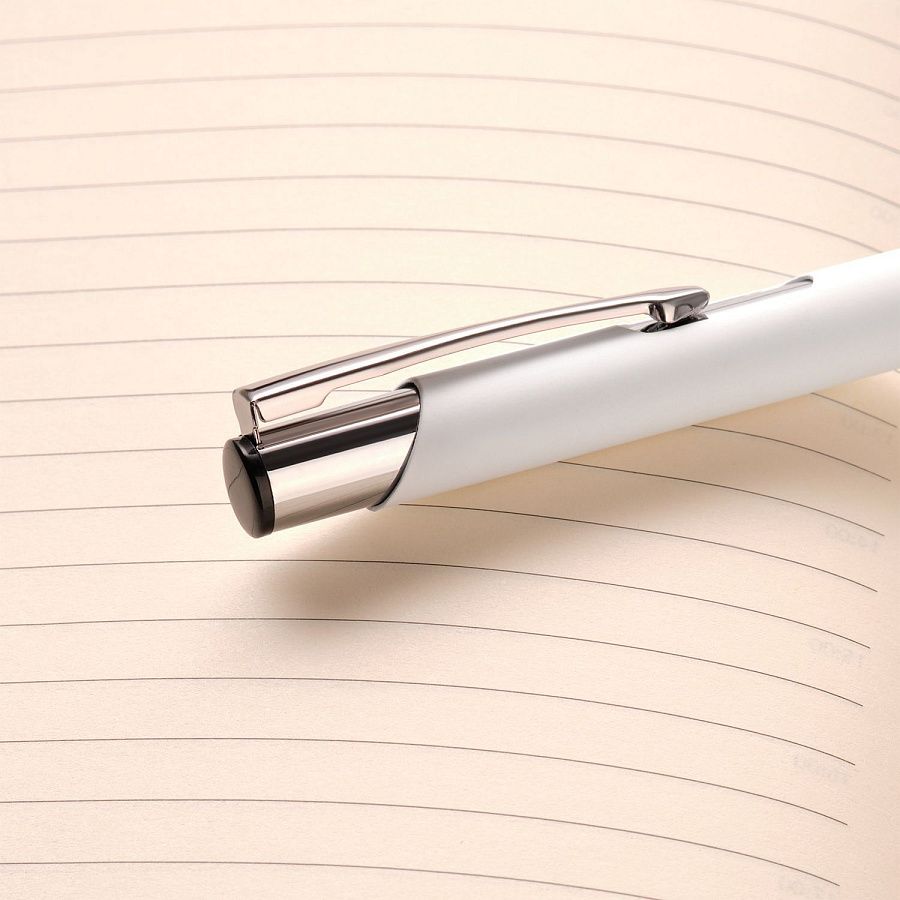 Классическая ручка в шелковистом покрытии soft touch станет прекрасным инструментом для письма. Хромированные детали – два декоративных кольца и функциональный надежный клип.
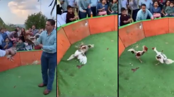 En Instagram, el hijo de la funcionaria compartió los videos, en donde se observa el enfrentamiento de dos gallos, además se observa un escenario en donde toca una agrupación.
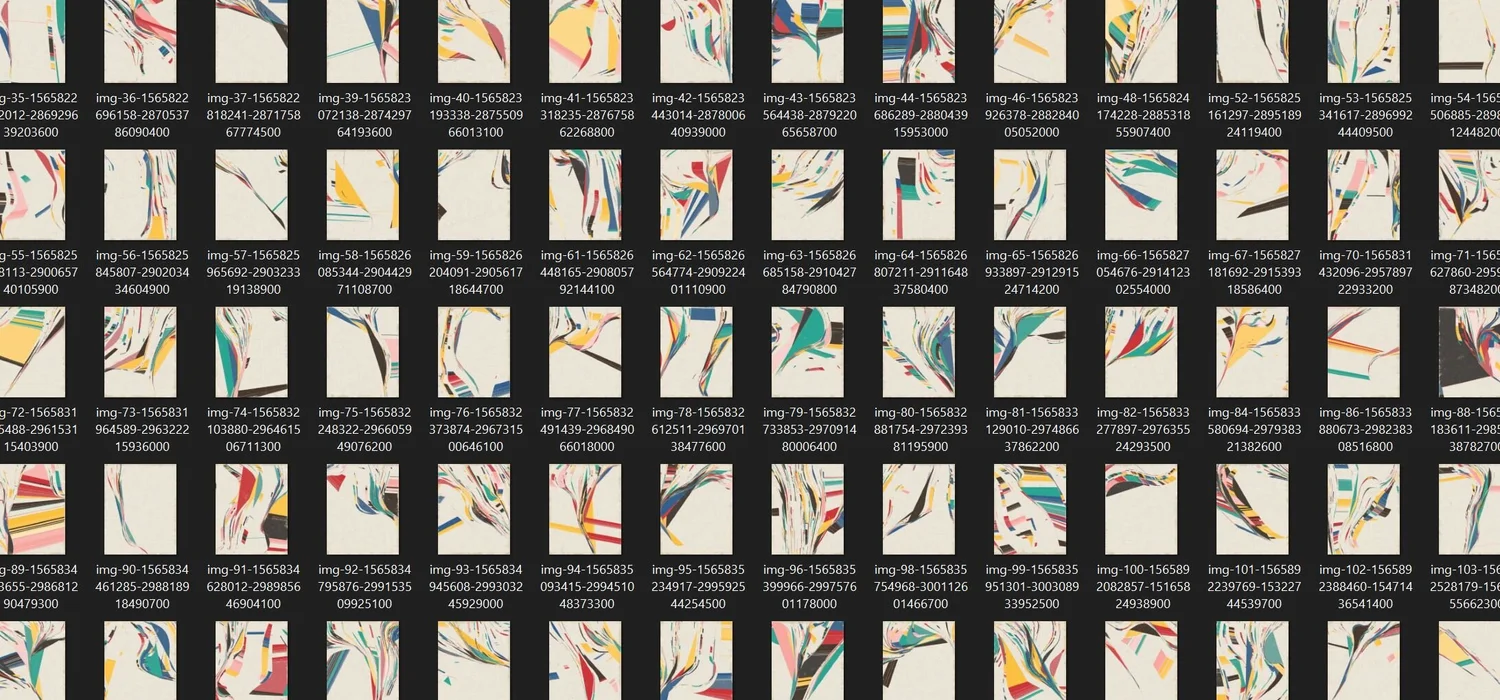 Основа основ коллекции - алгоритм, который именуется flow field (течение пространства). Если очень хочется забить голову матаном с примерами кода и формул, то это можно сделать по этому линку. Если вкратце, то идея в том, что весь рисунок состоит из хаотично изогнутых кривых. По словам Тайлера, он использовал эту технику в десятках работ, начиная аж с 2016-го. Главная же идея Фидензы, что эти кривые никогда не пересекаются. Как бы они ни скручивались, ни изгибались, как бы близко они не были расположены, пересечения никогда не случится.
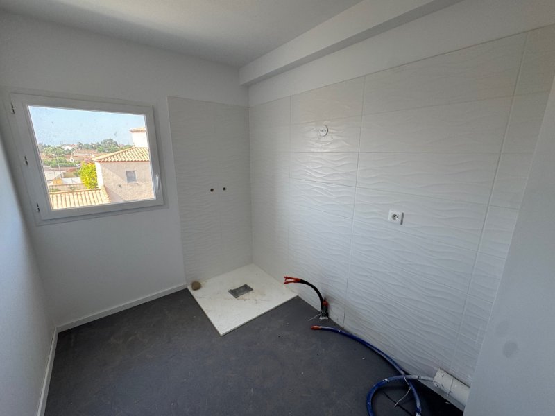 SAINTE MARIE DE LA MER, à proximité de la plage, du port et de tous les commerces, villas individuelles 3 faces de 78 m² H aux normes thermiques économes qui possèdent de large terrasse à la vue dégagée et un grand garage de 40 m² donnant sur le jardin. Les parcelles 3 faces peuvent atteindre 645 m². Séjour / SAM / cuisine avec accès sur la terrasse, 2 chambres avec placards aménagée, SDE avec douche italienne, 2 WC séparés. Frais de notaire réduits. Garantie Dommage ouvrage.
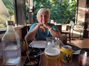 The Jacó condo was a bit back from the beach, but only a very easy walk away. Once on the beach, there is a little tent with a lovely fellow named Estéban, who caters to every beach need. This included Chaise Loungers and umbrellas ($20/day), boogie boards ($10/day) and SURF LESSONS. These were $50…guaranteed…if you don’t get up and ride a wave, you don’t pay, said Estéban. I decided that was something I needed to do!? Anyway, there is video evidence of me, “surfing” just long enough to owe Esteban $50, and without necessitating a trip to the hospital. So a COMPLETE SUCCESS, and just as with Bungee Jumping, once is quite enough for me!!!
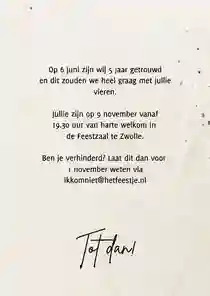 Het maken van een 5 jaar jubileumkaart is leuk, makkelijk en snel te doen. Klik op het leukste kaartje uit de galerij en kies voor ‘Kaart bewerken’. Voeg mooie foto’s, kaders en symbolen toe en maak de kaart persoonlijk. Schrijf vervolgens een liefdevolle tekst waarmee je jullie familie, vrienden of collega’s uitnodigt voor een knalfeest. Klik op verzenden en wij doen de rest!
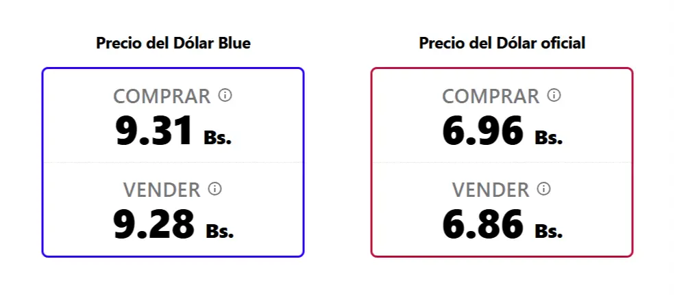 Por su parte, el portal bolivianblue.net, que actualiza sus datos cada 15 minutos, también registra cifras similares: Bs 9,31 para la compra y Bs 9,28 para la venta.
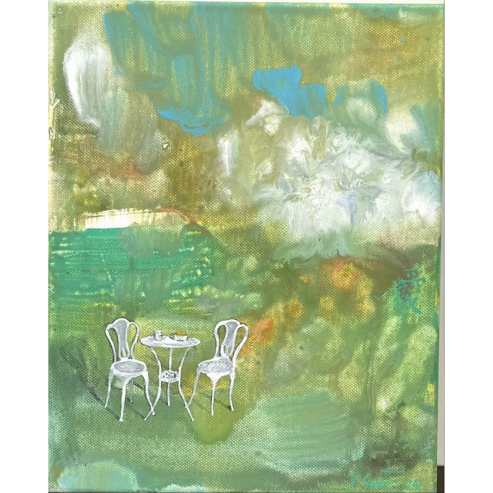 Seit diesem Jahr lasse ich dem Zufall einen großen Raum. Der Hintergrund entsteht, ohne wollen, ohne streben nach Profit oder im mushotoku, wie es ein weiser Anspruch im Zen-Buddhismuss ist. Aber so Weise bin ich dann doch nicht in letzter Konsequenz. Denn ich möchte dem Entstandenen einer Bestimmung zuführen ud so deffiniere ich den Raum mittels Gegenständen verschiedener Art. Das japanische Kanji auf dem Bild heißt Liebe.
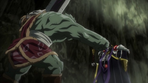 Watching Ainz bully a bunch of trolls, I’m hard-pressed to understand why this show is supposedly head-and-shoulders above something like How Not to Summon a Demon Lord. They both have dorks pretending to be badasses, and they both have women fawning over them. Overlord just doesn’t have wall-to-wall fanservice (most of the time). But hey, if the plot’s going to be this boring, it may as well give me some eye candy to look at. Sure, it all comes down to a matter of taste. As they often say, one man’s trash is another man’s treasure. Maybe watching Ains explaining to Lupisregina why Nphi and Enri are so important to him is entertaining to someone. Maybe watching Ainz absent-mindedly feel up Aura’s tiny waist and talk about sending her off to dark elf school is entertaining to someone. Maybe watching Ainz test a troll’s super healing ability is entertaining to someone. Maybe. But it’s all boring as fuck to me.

__________

### [Exercise directions]
Nothing but the lines from the beginning of the material above through the line containing "En Instagram, el" should appear in the answer, copied exactly and free of pictures.

### [Answer box]
 Классическая ручка в шелковистом покрытии soft touch станет прекрасным инструментом для письма. Хромированные детали – два декоративных кольца и функциональный надежный клип.
 En Instagram, el hijo de la funcionaria compartió los videos, en donde se observa el enfrentamiento de dos gallos, además se observa un escenario en donde toca una agrupación.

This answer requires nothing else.